Data section
+ + +

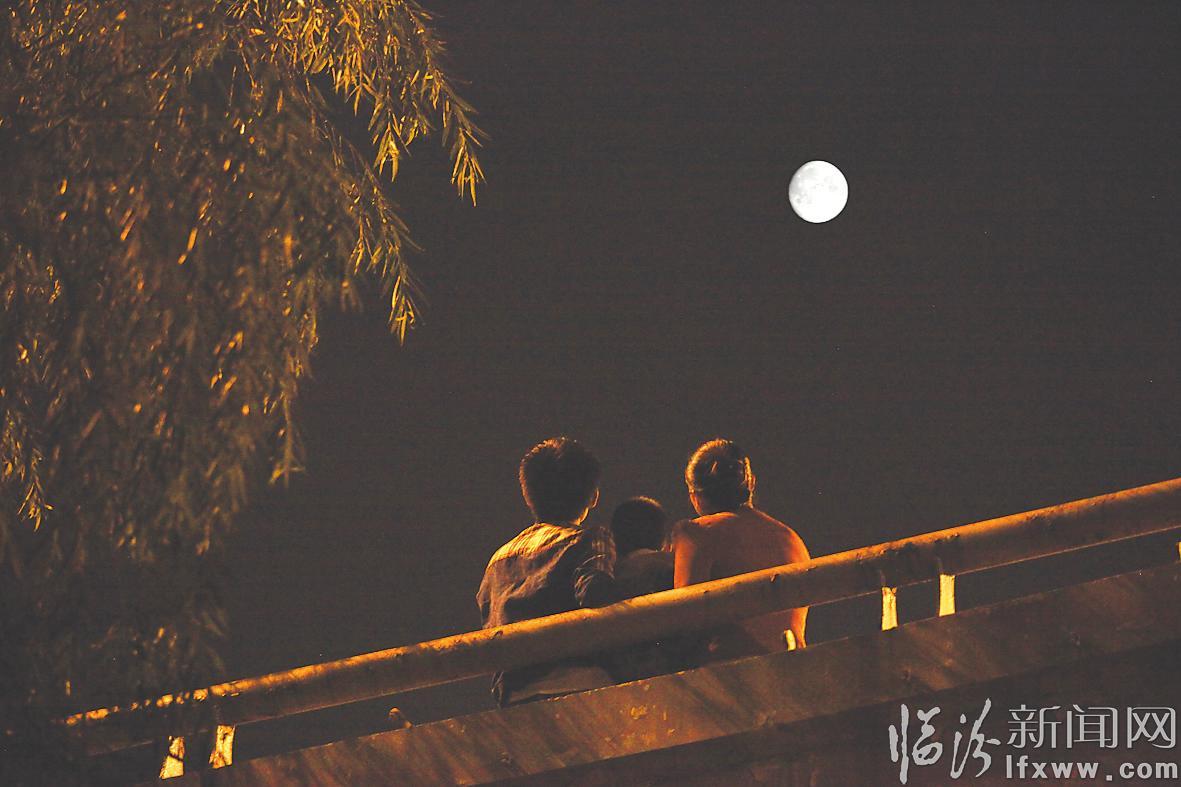 9月26日晚,濱河路彩虹橋上一家三口在賞月。 記者 趙文家 攝
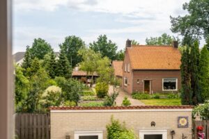 De tuin is vrij gelegen aan de achterzijde. Achter de woning ligt namelijk een breed pad en vrijstaande oude boerderijen wat zorgt voor een sfeervol uitzicht en bijzondere woonbeleving.
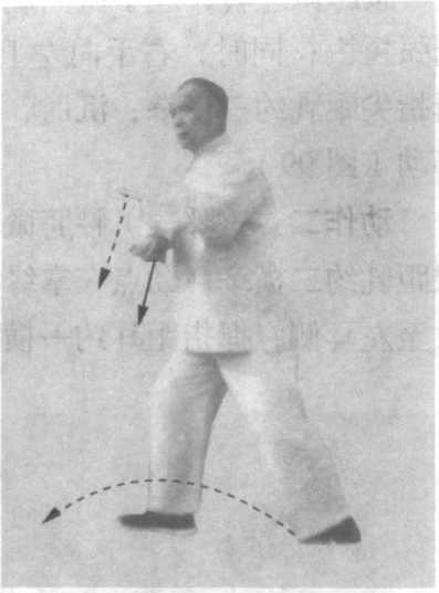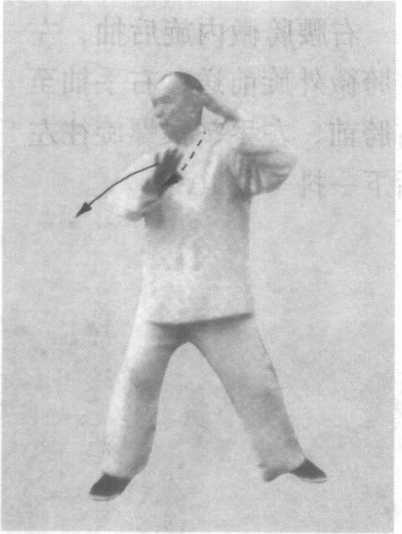 图101图101图102图102图103图103右腰胯微内旋后抽,左 腰胯微外旋前送;右手抽至 右胯前,左手掌根螺旋往左 后下一■抖(图103 )o

+ + +

Assigned task
With the pictures set aside, return each line of the listing exactly as given.

Response for this exercise
 9月26日晚,濱河路彩虹橋上一家三口在賞月。 記者 趙文家 攝
 De tuin is vrij gelegen aan de achterzijde. Achter de woning ligt namelijk een breed pad en vrijstaande oude boerderijen wat zorgt voor een sfeervol uitzicht en bijzondere woonbeleving.
 图101图101图102图102图103图103右腰胯微内旋后抽,左 腰胯微外旋前送;右手抽至 右胯前,左手掌根螺旋往左 后下一■抖(图103 )o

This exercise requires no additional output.